> _TASK DIRECTIONS_
In the listing beneath this line, copy exactly the lines starting with the one containing "次は「管理者設定」の「ONLYOFFICE」を開き、以下を入力します。" and going on through the one containing "A man and a".

> _RECORDS PROVIDED_
*****

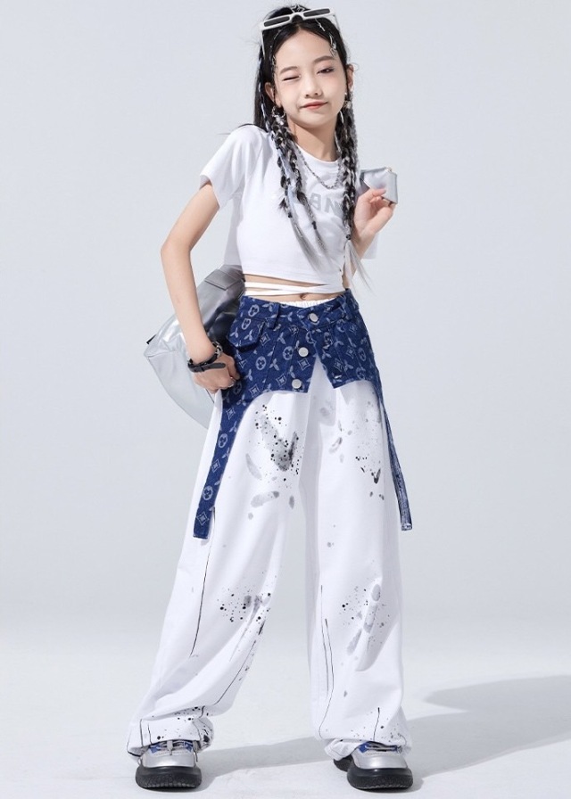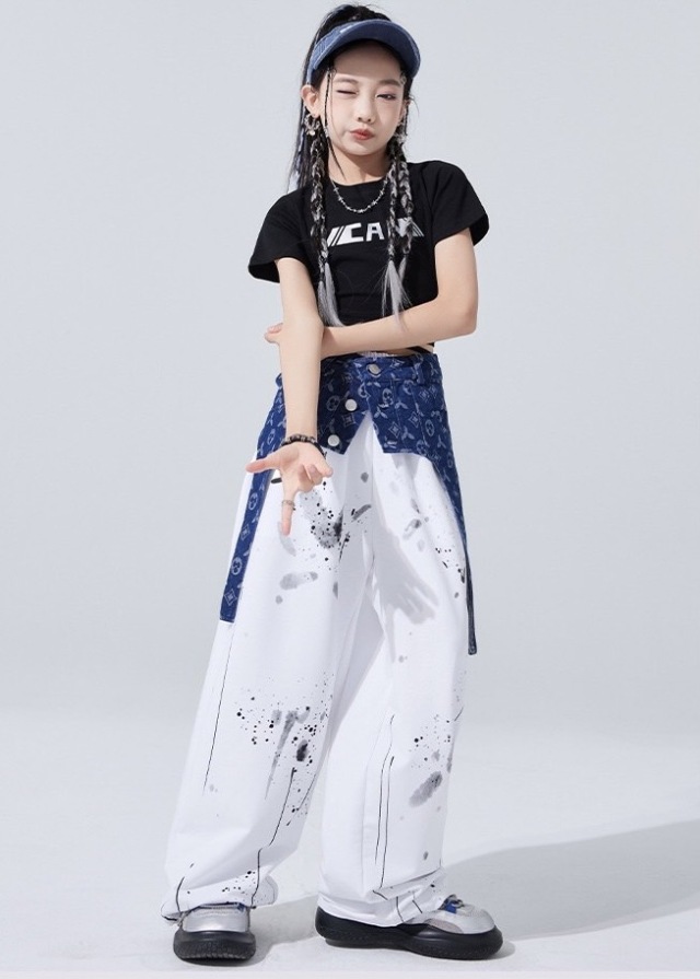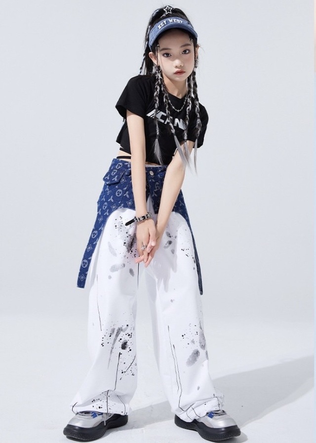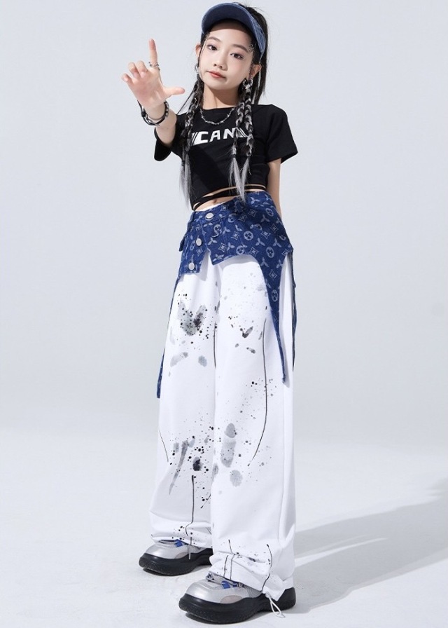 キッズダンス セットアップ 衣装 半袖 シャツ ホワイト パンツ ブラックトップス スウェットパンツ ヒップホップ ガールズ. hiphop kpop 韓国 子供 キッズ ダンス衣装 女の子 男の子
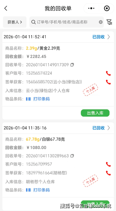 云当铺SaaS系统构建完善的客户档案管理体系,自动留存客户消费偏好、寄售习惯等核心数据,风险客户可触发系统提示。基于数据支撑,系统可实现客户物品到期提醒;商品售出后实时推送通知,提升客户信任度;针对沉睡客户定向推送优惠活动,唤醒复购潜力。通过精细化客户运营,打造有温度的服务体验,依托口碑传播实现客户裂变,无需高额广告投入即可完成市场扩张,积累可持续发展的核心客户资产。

*****

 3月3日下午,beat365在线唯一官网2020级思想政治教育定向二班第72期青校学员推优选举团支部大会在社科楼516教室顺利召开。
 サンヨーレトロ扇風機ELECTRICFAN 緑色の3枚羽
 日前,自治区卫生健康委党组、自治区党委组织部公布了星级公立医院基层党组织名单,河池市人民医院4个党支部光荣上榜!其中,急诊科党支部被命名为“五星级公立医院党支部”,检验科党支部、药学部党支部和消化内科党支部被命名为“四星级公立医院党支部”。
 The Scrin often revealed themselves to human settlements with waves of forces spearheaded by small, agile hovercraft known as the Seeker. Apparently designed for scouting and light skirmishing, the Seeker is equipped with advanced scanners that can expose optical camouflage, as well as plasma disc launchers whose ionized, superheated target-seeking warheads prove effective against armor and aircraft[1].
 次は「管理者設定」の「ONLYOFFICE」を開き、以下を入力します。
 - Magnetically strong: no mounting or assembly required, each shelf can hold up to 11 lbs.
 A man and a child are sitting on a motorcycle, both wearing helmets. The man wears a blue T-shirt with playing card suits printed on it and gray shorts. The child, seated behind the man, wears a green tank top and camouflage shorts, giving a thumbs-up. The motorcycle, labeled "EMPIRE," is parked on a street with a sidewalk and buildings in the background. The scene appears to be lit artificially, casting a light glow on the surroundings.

*****

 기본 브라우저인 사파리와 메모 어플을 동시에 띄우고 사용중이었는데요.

*****

> _RESULT BELOW_
 次は「管理者設定」の「ONLYOFFICE」を開き、以下を入力します。
 - Magnetically strong: no mounting or assembly required, each shelf can hold up to 11 lbs.
 A man and a child are sitting on a motorcycle, both wearing helmets. The man wears a blue T-shirt with playing card suits printed on it and gray shorts. The child, seated behind the man, wears a green tank top and camouflage shorts, giving a thumbs-up. The motorcycle, labeled "EMPIRE," is parked on a street with a sidewalk and buildings in the background. The scene appears to be lit artificially, casting a light glow on the surroundings.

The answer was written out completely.